→ **Data records**

Content starts

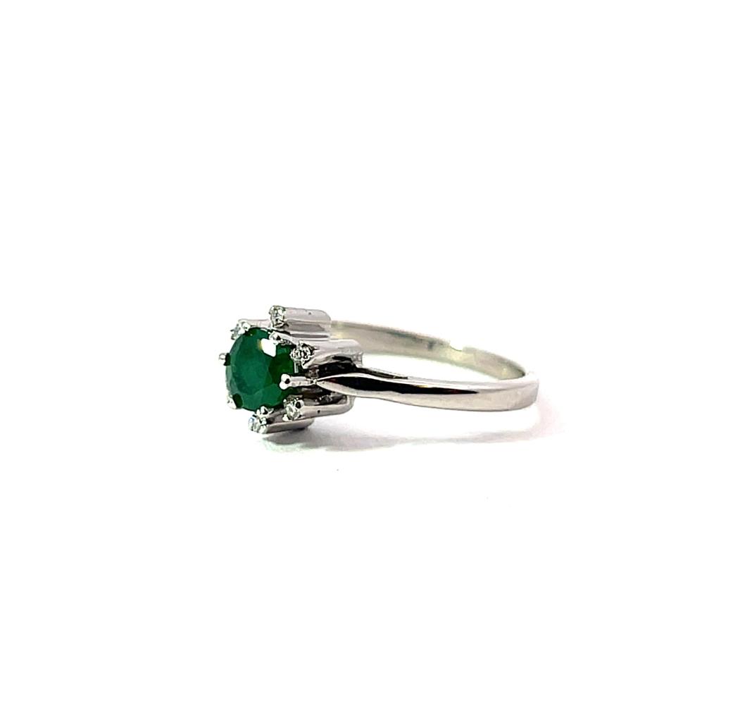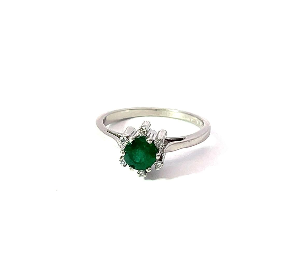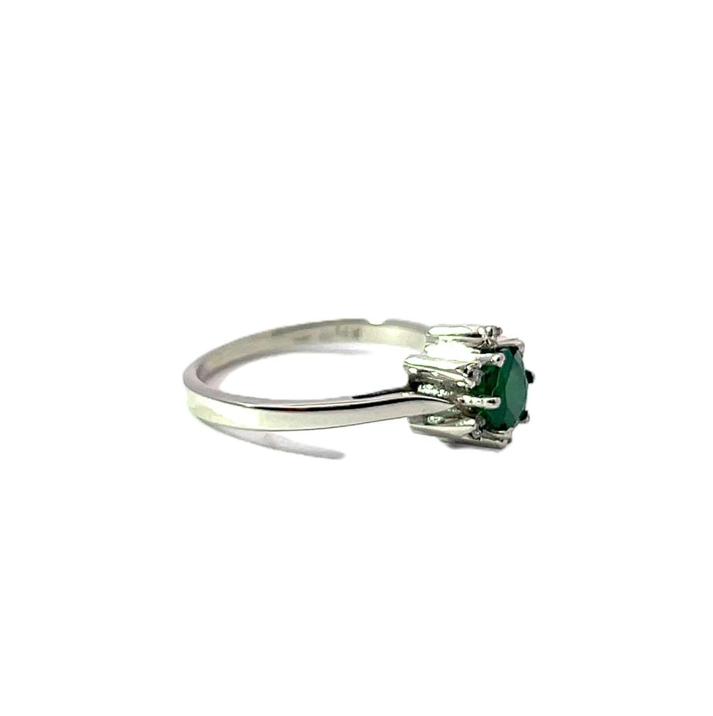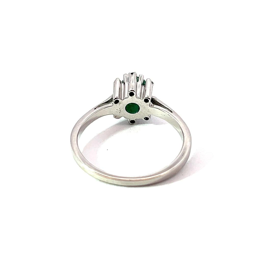 Prsten z bílého zlata o ryzosti 585/1000, punc labuť. Velikost 52, váha 2,93 g, průměr hlavy prstenu 8 mm. Kámen - smaragd - 1 ks. Kámen - přírodní diamant briliantového brusu - 6 ks, cca 0,005 ct každý - dohromady cca 0,03 ct.
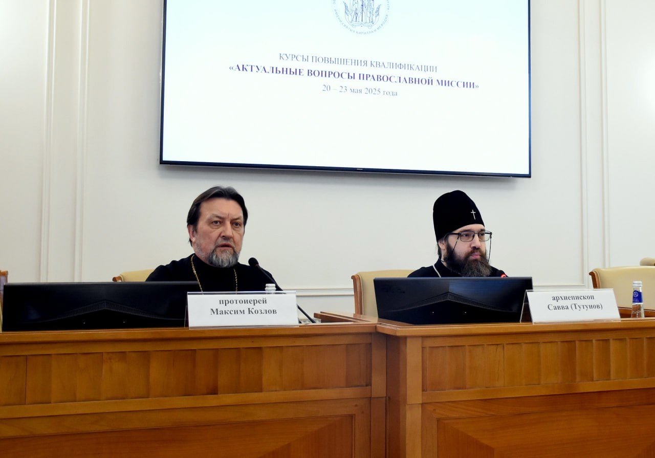 С 20 по 23 мая 2025 года в Общецерковной аспирантуре и докторантуре им. святых равноапостольных Кирилла и Мефодия прошли курсы повышения квалификации «Актуальные вопросы православной миссии», слушателями которых стали Председатель Отдела по миссионерской работе и делам молодёжи Коломенской епархии иерей Иоанн Бакушкин и благочинный 1-го Коломенского округа, секретарь Отдела по миссионерской работе и делам молодёжи Коломенской епархии протоиерей Алексий Виноградов. В рамках программы состоялись лекции и дискуссии, охватывающие целый ряд значимых, связанных с организацией миссионерской деятельности и актуальными вопросами православной миссии. В последний день обучения с заключительным словом к слушателям обратились председатель Синодального миссионерского отдела архиепископ Зеленоградский Савва и ректор Общецерковной аспирантуры и докторантуры протоиерей Максим Козлов.
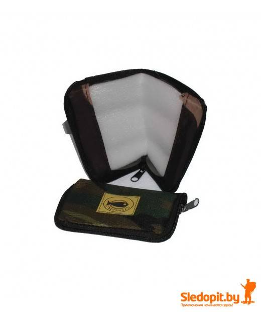 Внутри пенополиэтиленовая вставка, на которую накалываются мормышки, крючки, иск. мушки, блёсны и т. д.
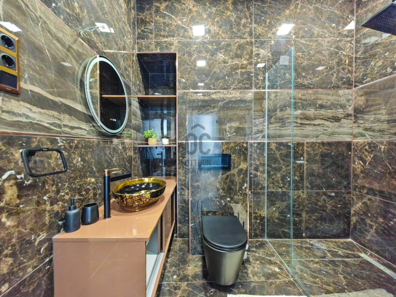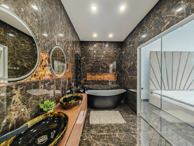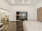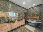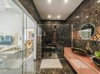 A 18 m²-es „master bedroom”-hoz egy különleges, üvegfallal elválasztott, exkluzív fürdőszoba kapcsolódik, amely önmagában is ritkaságnak számít.
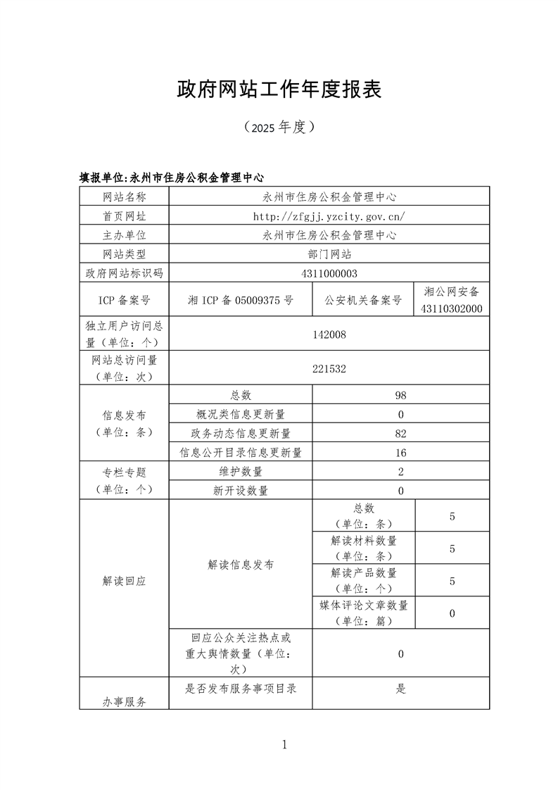永州市住房公积金管理中心2025年政府网站工作年度报表
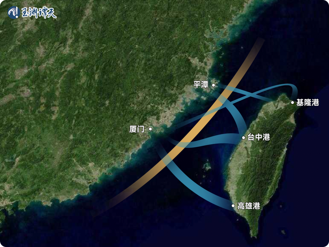 從圖上可以看到,要到達臺灣島西岸,大多數船只都需要穿過臺灣海峽中部海域。
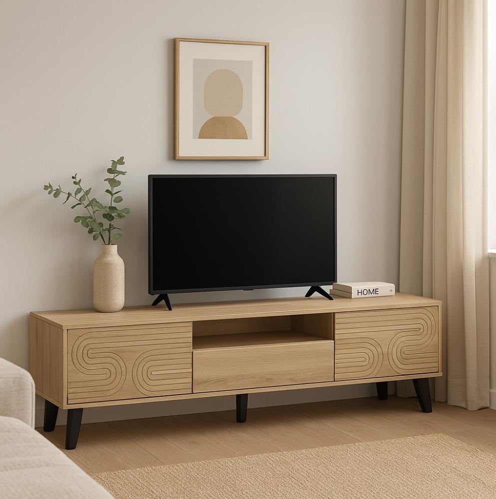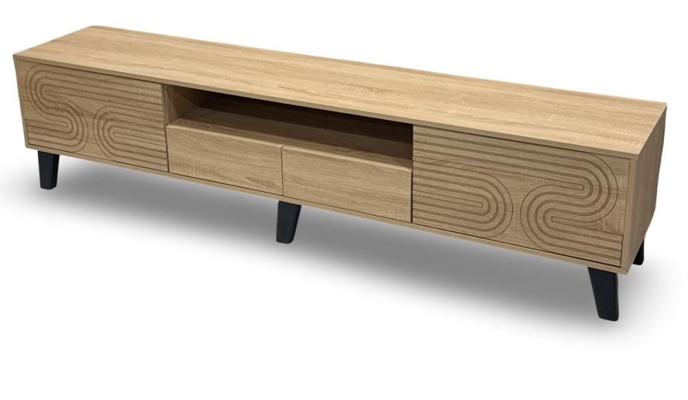 أضف لمسة أنيقة وعملية لمساحة المعيشة مع طاولة التلفزيون الخشبية ذات التصميم المودرن. تأتي بطول 200 سم، وتتميز بأدراج متعددة ومساحة مفتوحة لتخزين الأجهزة والملحقات. تصميمها البسيط بخطوط نظيفة وأرجل سفلية يرفعها عن الأرضية بلمسة فاخرة. مثالية لغرف المعيشة الحديثة وتجمع بين الوظيفة والجمال في قطعة واحدة.
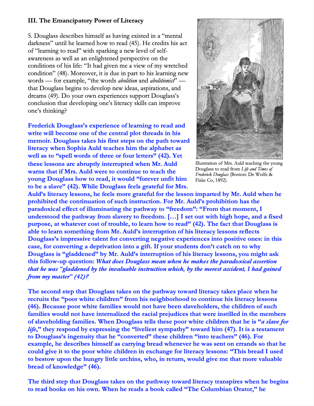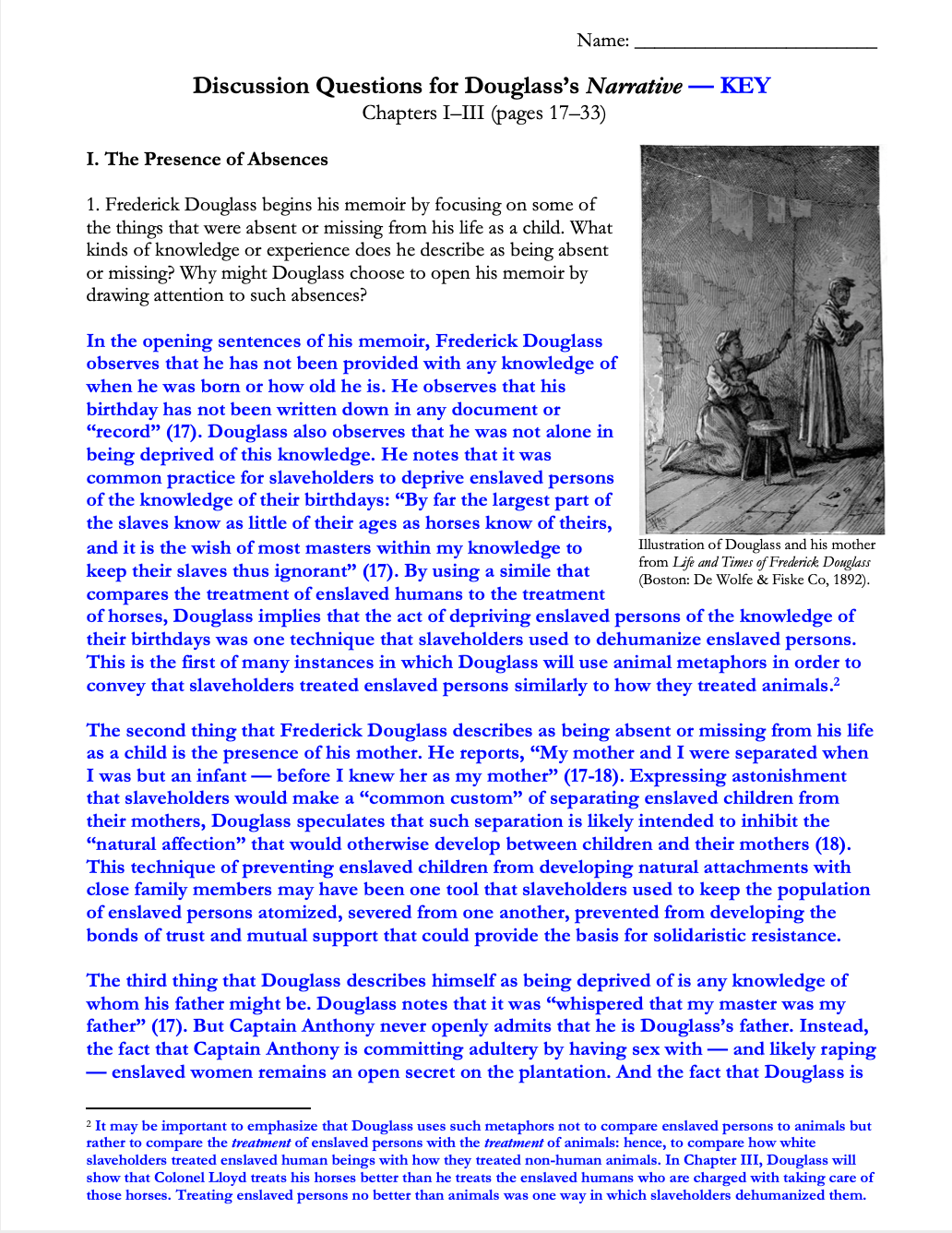 • Discussion Questions ANSWER KEYS: The answer keys to the discussion questions are informed by cutting-edge scholarship by professors who specialize in African-American literature and especially Frederick Douglass: Henry Louis Gates, Saidiya Hartman, Fred Moten, David Blight, etc. Of course, there is rarely a single "correct" answer for any question; rather, the discussions questions are made up of higher-order questions designed to foster lively exchanges and interpretive debates among students. They challenge students to build interpretive arguments supported by carefully selected textual evidence. (35 pages)
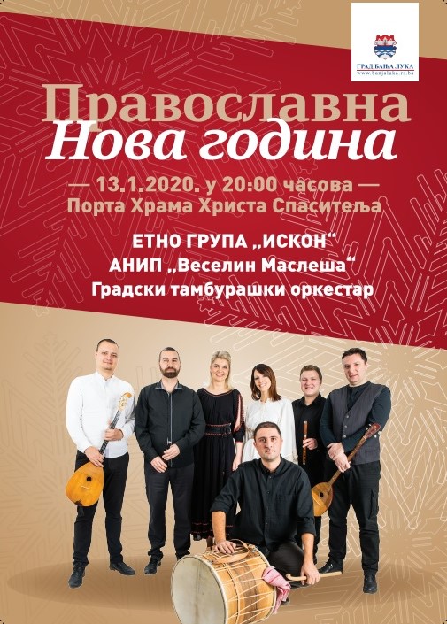 Etno senzacija – očekuje sve koji odluče da Pravoslavnu novu godinu dočekaju u Banjoj Luci. Najpoznatija etno grupa iz Srbije „Iskon“ održaće koncert 13. januara, u porti Hrama Hrista Spasitelja.
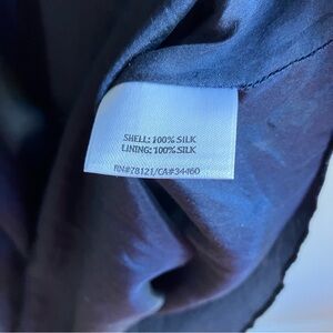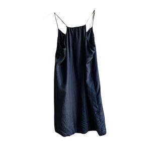 100% Silk. Spaghetti strappy sleeveless tank knee length dress. Chic dark blue dress adorned with shimmering sequins & beaded accents. Ideal for special occasions.

Content ends

→ **What you need to do**
An exact copy of the entries above is required; pictures are not part of it.

→ **Response below**
 Prsten z bílého zlata o ryzosti 585/1000, punc labuť. Velikost 52, váha 2,93 g, průměr hlavy prstenu 8 mm. Kámen - smaragd - 1 ks. Kámen - přírodní diamant briliantového brusu - 6 ks, cca 0,005 ct každý - dohromady cca 0,03 ct.
 С 20 по 23 мая 2025 года в Общецерковной аспирантуре и докторантуре им. святых равноапостольных Кирилла и Мефодия прошли курсы повышения квалификации «Актуальные вопросы православной миссии», слушателями которых стали Председатель Отдела по миссионерской работе и делам молодёжи Коломенской епархии иерей Иоанн Бакушкин и благочинный 1-го Коломенского округа, секретарь Отдела по миссионерской работе и делам молодёжи Коломенской епархии протоиерей Алексий Виноградов. В рамках программы состоялись лекции и дискуссии, охватывающие целый ряд значимых, связанных с организацией миссионерской деятельности и актуальными вопросами православной миссии. В последний день обучения с заключительным словом к слушателям обратились председатель Синодального миссионерского отдела архиепископ Зеленоградский Савва и ректор Общецерковной аспирантуры и докторантуры протоиерей Максим Козлов.
 Внутри пенополиэтиленовая вставка, на которую накалываются мормышки, крючки, иск. мушки, блёсны и т. д.
 A 18 m²-es „master bedroom”-hoz egy különleges, üvegfallal elválasztott, exkluzív fürdőszoba kapcsolódik, amely önmagában is ritkaságnak számít.
永州市住房公积金管理中心2025年政府网站工作年度报表
 從圖上可以看到,要到達臺灣島西岸,大多數船只都需要穿過臺灣海峽中部海域。
 أضف لمسة أنيقة وعملية لمساحة المعيشة مع طاولة التلفزيون الخشبية ذات التصميم المودرن. تأتي بطول 200 سم، وتتميز بأدراج متعددة ومساحة مفتوحة لتخزين الأجهزة والملحقات. تصميمها البسيط بخطوط نظيفة وأرجل سفلية يرفعها عن الأرضية بلمسة فاخرة. مثالية لغرف المعيشة الحديثة وتجمع بين الوظيفة والجمال في قطعة واحدة.
 • Discussion Questions ANSWER KEYS: The answer keys to the discussion questions are informed by cutting-edge scholarship by professors who specialize in African-American literature and especially Frederick Douglass: Henry Louis Gates, Saidiya Hartman, Fred Moten, David Blight, etc. Of course, there is rarely a single "correct" answer for any question; rather, the discussions questions are made up of higher-order questions designed to foster lively exchanges and interpretive debates among students. They challenge students to build interpretive arguments supported by carefully selected textual evidence. (35 pages)
 Etno senzacija – očekuje sve koji odluče da Pravoslavnu novu godinu dočekaju u Banjoj Luci. Najpoznatija etno grupa iz Srbije „Iskon“ održaće koncert 13. januara, u porti Hrama Hrista Spasitelja.
 100% Silk. Spaghetti strappy sleeveless tank knee length dress. Chic dark blue dress adorned with shimmering sequins & beaded accents. Ideal for special occasions.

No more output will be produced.